━━━━━ Supplied material
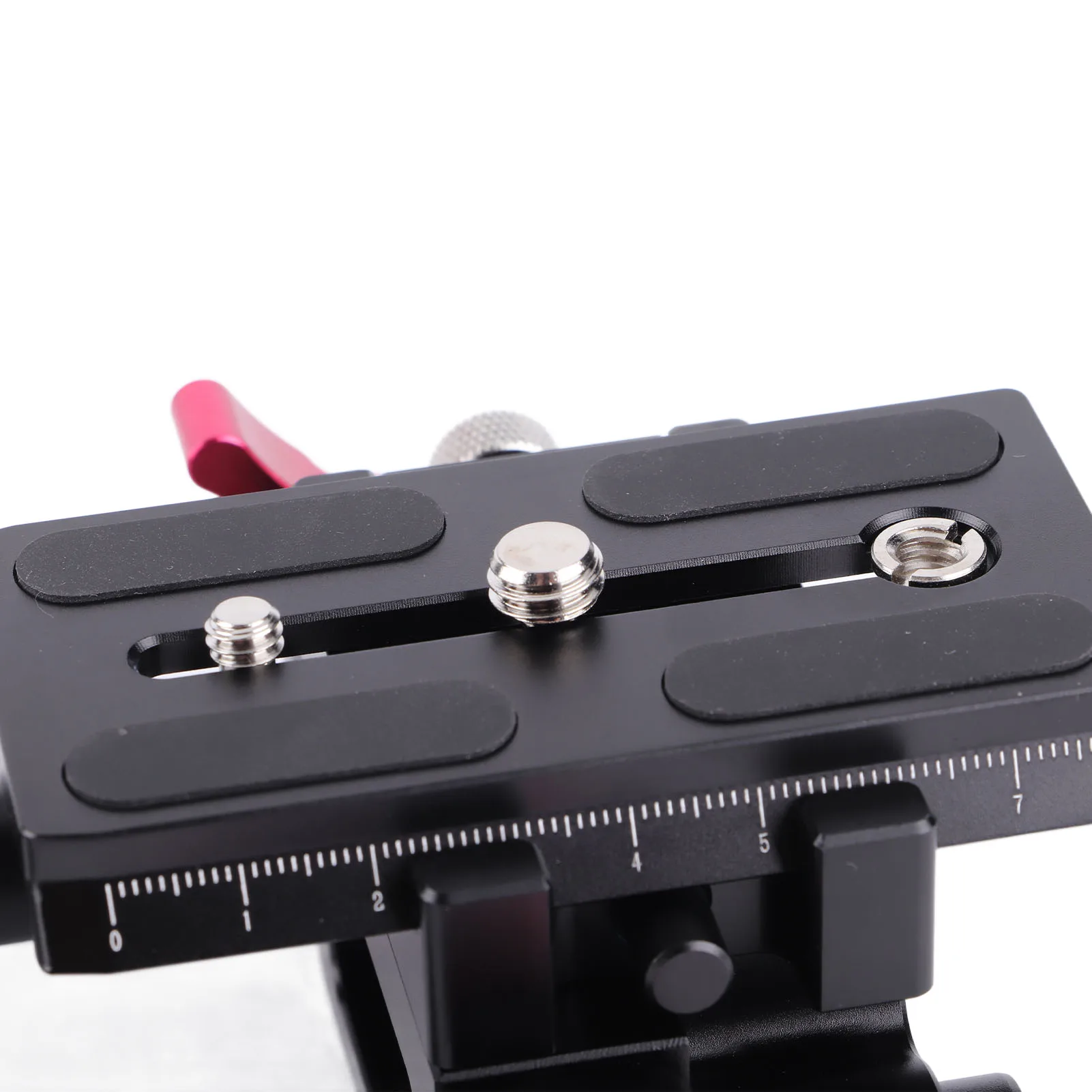 4. MONTAJE DEL TRIPODE: la parte inferior de la placa base y las abrazaderas de la varilla Tienen orificios roscados de 1/4 y 3/8 pulgadas, que permiten la conexion directa al tripode o al carro u otro equipo, ayudando a proporcionar flexibilidad para una variedad de propositos de disparo, compatible con tripodes como Manfrotto 577, 501, 504, 701, etc.
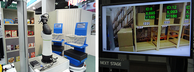 ロボットによる補充業務の支援システム(左)と、ドローン撮影の動画による在庫位置の管理システム
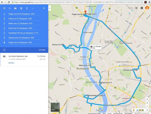 Hogy megtudjuk a választ, kollégánk, Stump Bandi tudományos alapossággal összeállított egy versenypályát. Ezen csak a hét ellenőrzőpont volt adott, a leggyorsabb utat a két eszköz tetszőlegesen választhatta meg. Volt benne belváros, érintettük a budai hegyeket, a rakpartot, aztán kimentünk a Hungária körútra is. Arra voltunk kíváncsiak, hogy a többféleképpen megközelíthető célpontok között melyik navigáció találja meg a leggyorsabb útvonalat.
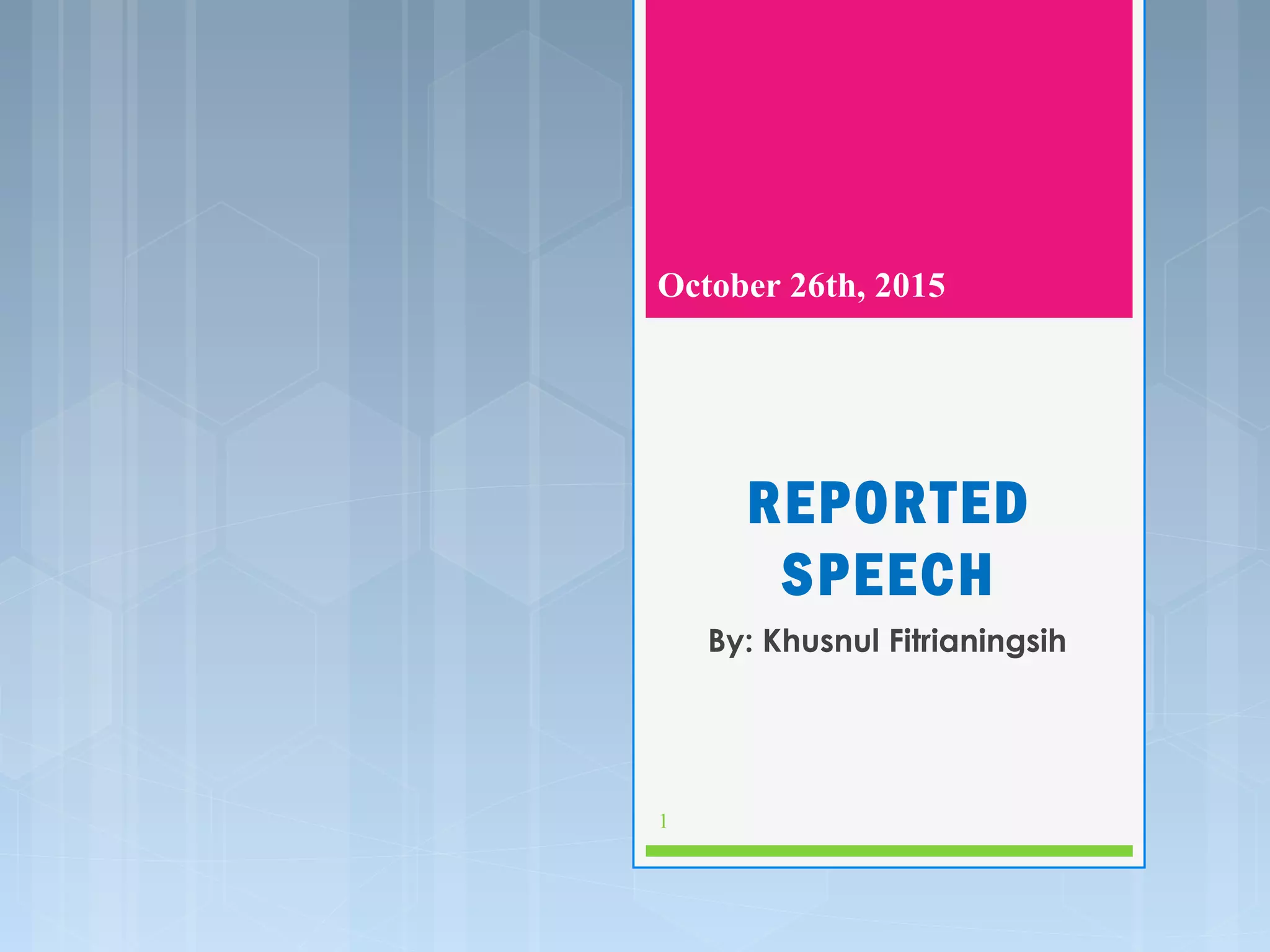 The document discusses reported or indirect speech, which is used to describe what someone said in the past. It explains that in reported speech, pronouns, verbs, adverbs, and time/place expressions are changed compared to direct speech. Examples are provided showing how direct speech like "I am going now" would change to reported speech like "She said that she was going then." The different types of sentences that can be reported - statements, questions, and commands - are also described.
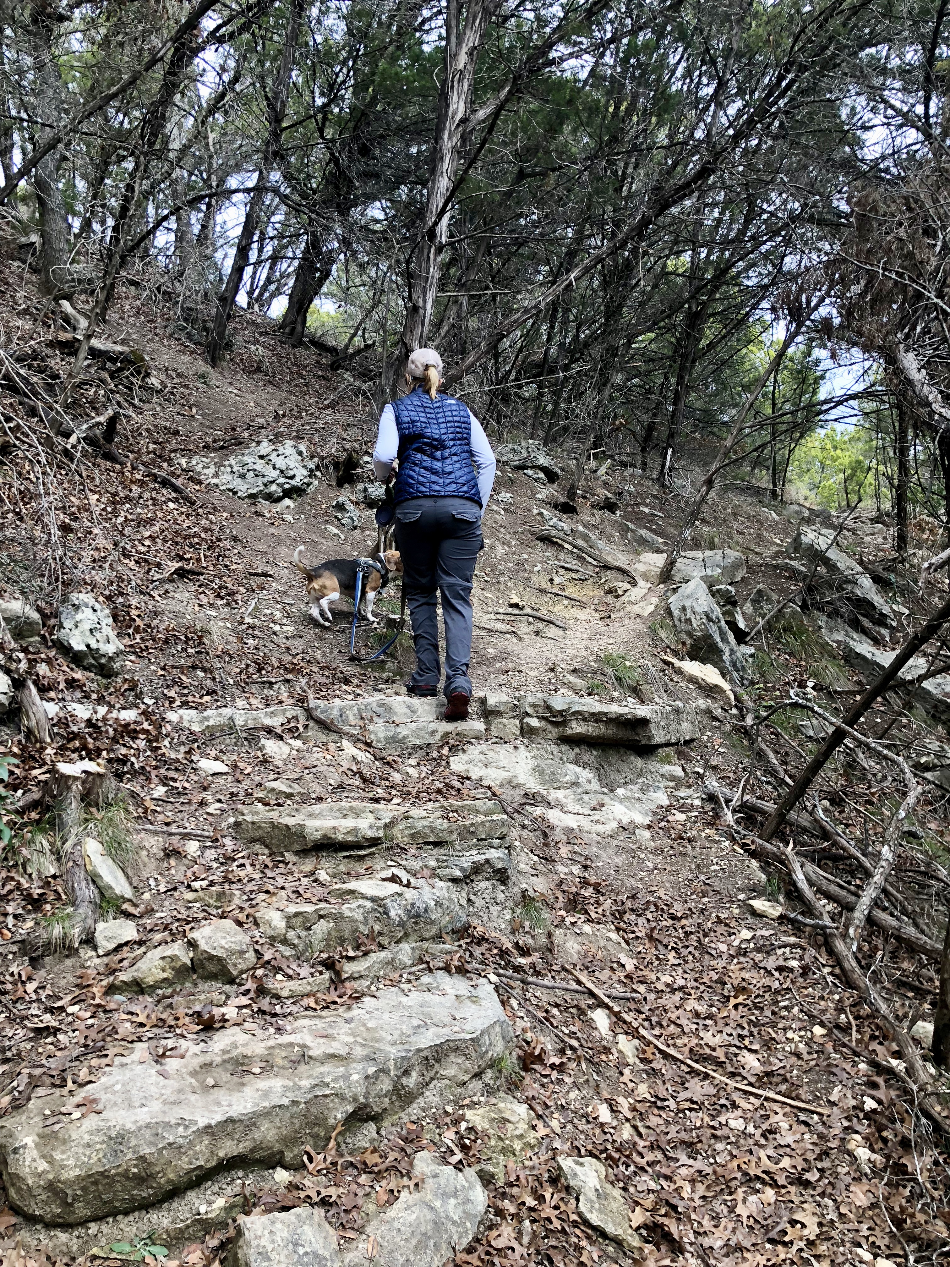 The trail started as your typical rocky Texas trail, but eventually gave way to more traditional tread and even soft dirt in some places along the ridge, which challenged our ankle strength. The dogs did great for the most part, though Biff pulled a fake injury at one point, causing me to carry him for a couple hundred yards until he miraculously recovered. What a goof.
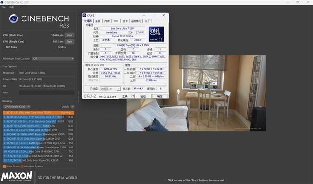 酷睿Ultra 7 258V在CINEBENCH R23测试中,单线程成绩为1875,多线程为10466。
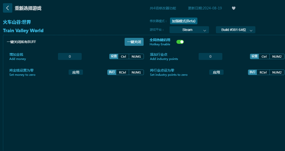 《火车山谷世界》是最新的Steam铁路模拟游戏,建设铁路征服世界。这款《火车山谷世界修改器》专为游戏制作,可为玩家提供增加金钱、添加行业点等强力游戏辅助。有了火车山谷世界修改器,帮助玩家的铁路帝国建设更轻松!感兴趣的朋友不要错过,六蓝游戏网推荐大家下载体验!
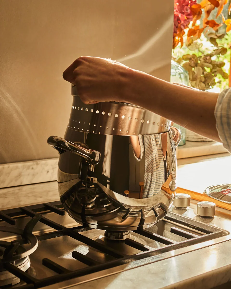 Pierced basket for Pasta-set in 18/10 stainless steel.
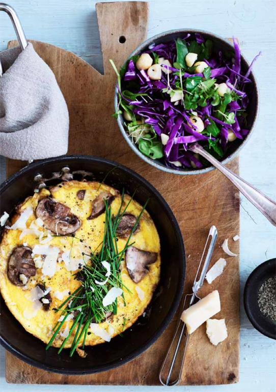 Omelet med champignon, gedeost og morgenkål
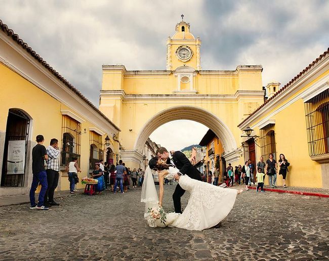 Na Guatemala, após a cerimônia de casamento, uma recepção é realizada na casa do marido. A mãe do marido cumprimenta o casal recém-casado, quebrando um sino branco cheio de arroz, farinha e grãos para representar prosperidade e abundância.
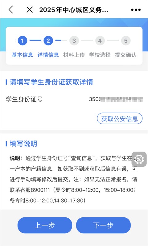 4.获取学生信息:若自动获取到学生信息,可选择同户学生,然后点击获取公安信息;若未获取到,手动输入学生身份证号后,点击获取公安信息,进入下一步。
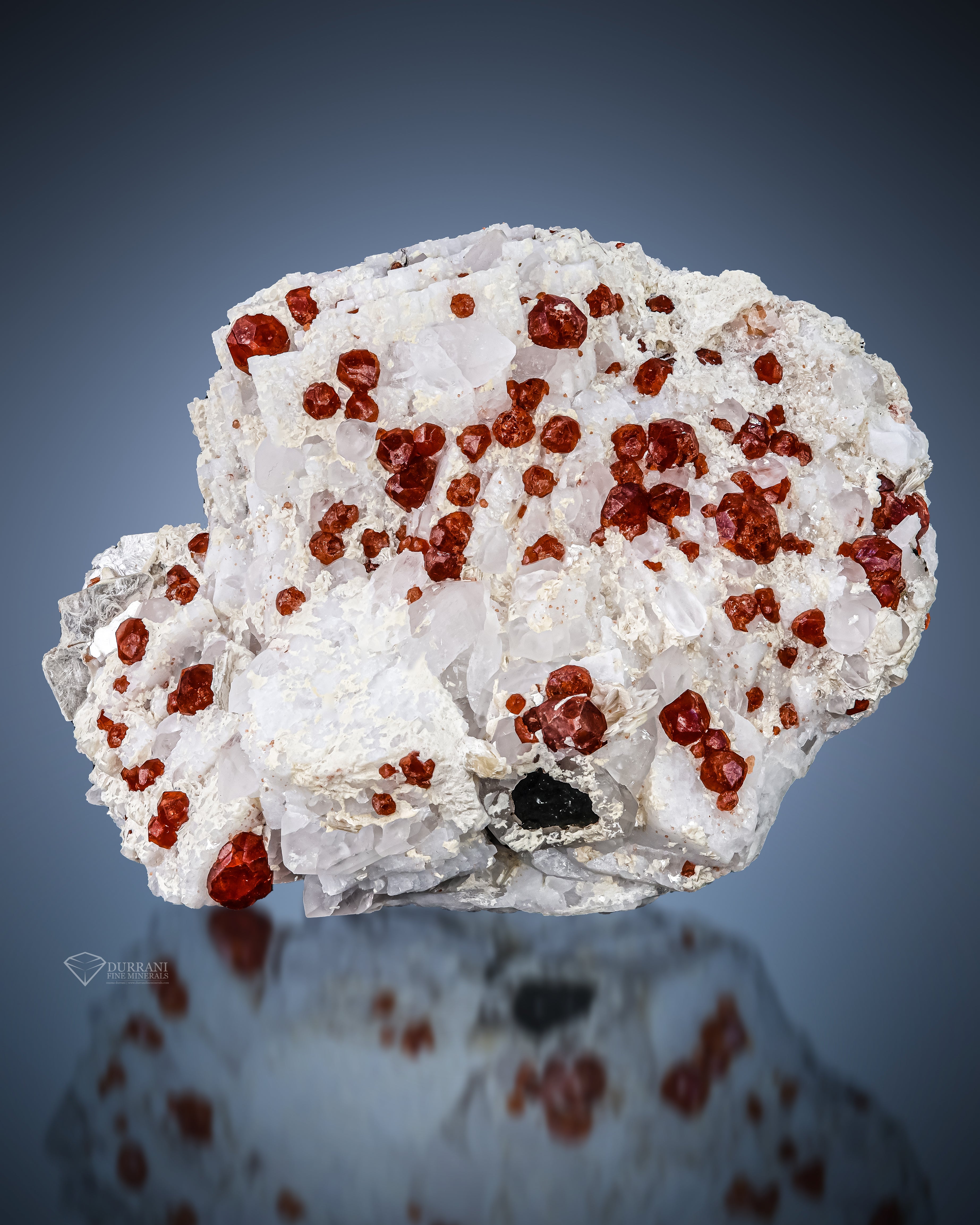 A really fabulous Hessonite Garnet beautifully grown on a white matrix. It has an incredible shape and amazing color contrast. A really nice piece in person
━━━━━━━━━━
**What is required:**
Retype, word for word, only the lines from the line with "酷睿Ultra 7 258V在CINEBENCH" to the final line of the listing above; the pictures do not belong in the copy.

**Task solution:**
 酷睿Ultra 7 258V在CINEBENCH R23测试中,单线程成绩为1875,多线程为10466。
 《火车山谷世界》是最新的Steam铁路模拟游戏,建设铁路征服世界。这款《火车山谷世界修改器》专为游戏制作,可为玩家提供增加金钱、添加行业点等强力游戏辅助。有了火车山谷世界修改器,帮助玩家的铁路帝国建设更轻松!感兴趣的朋友不要错过,六蓝游戏网推荐大家下载体验!
 Pierced basket for Pasta-set in 18/10 stainless steel.
 Omelet med champignon, gedeost og morgenkål
 Na Guatemala, após a cerimônia de casamento, uma recepção é realizada na casa do marido. A mãe do marido cumprimenta o casal recém-casado, quebrando um sino branco cheio de arroz, farinha e grãos para representar prosperidade e abundância.
 4.获取学生信息:若自动获取到学生信息,可选择同户学生,然后点击获取公安信息;若未获取到,手动输入学生身份证号后,点击获取公安信息,进入下一步。
 A really fabulous Hessonite Garnet beautifully grown on a white matrix. It has an incredible shape and amazing color contrast. A really nice piece in person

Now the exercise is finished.